Figure 1. Expansion of MDSCs in bone marrow and bone destruction in CIA.

(A) Mice with CIA were sacrificed on day 35 and age-matched normal mice were used as controls. Bone marrow cells were stained with anti-CD11b and anti-GR-1 mAbs. Data were acquired by flow cytometry and representative dot plots are presented. (B) The frequency of MDSCs in the bone marrow of normal or CIA mice. Six mice in each group were tested. (C) Splenocytes from normal mice were labeled with CFSE and co-cultured with or without 5×10⁵ MDSCs from CIA or normal mice in anti-CD3/CD28 bound culture plates. Cells were collected and stained with APC-anti-CD4 mAb after 72 hours stimulation.

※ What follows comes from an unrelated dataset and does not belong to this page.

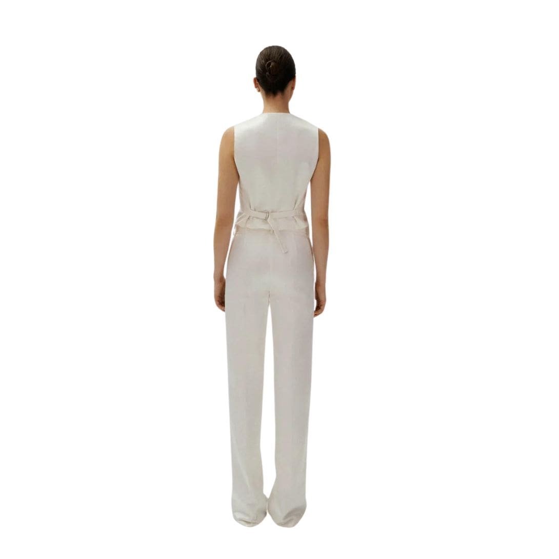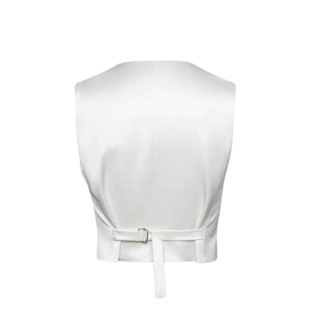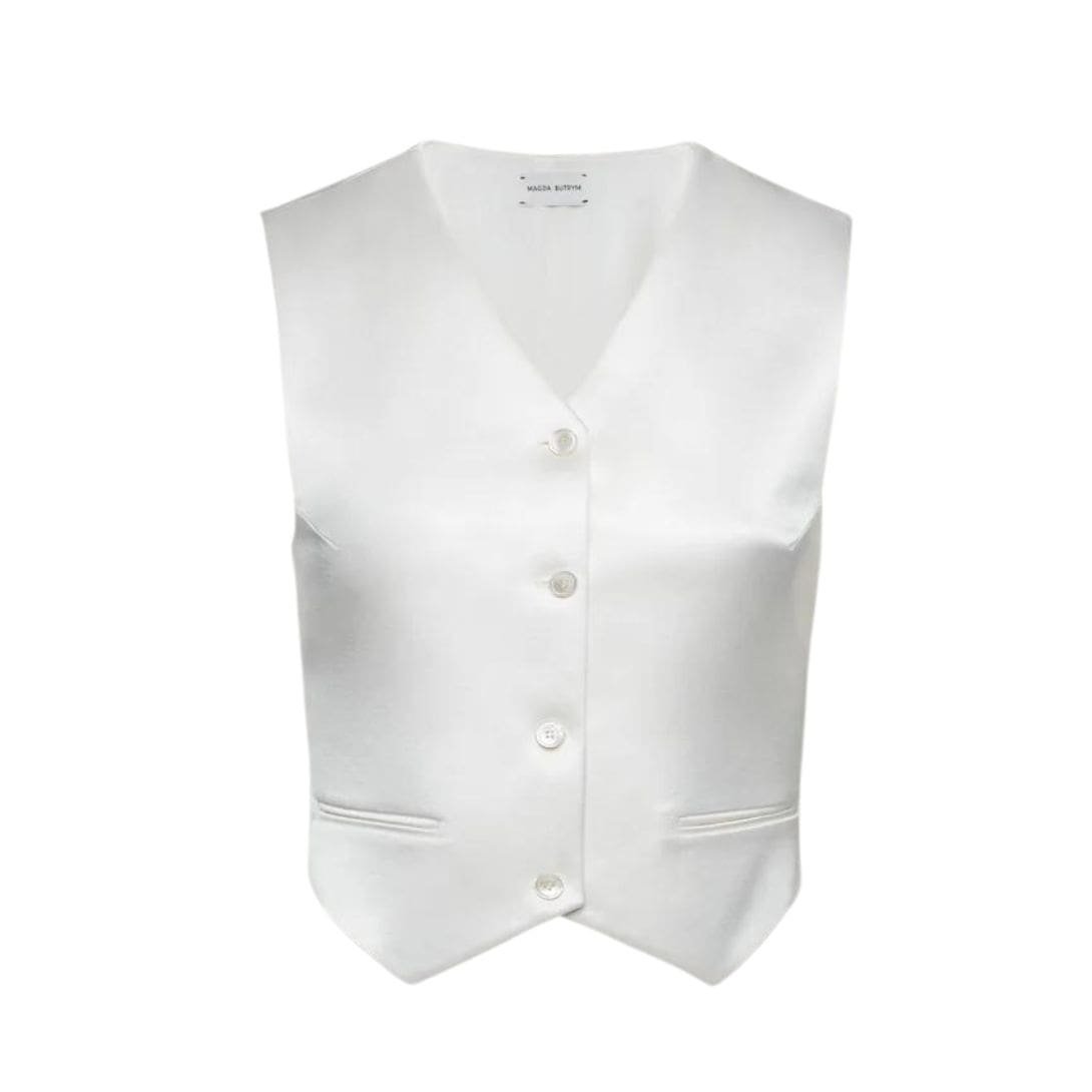 In summary, the Magda Butrym classic waistcoat in cream is a must-have for anyone seeking a blend of classic tailoring and modern versatility. Its high-cut V neckline, button-down front, and adjustable waist make it a stylish and functional addition to any fashion-forward wardrobe.

Data was analyzed by flow cytometry and representative dot plots are presented. (D) The proliferation rates of CD4 T⁺ cells. Data were acquired by flow cytometry and summarized from three independent experiments. (E, F) Mice with CIA were sacrificed on day 35. Bones were fixed and decalcified with EDTA. Knee joints section were stained for TRAP (E) and with H&E (F). Six mice were tested for each group and representative images are presented. Data in B and D are shown as mean ± SD. *p<0.05, **p <0.01.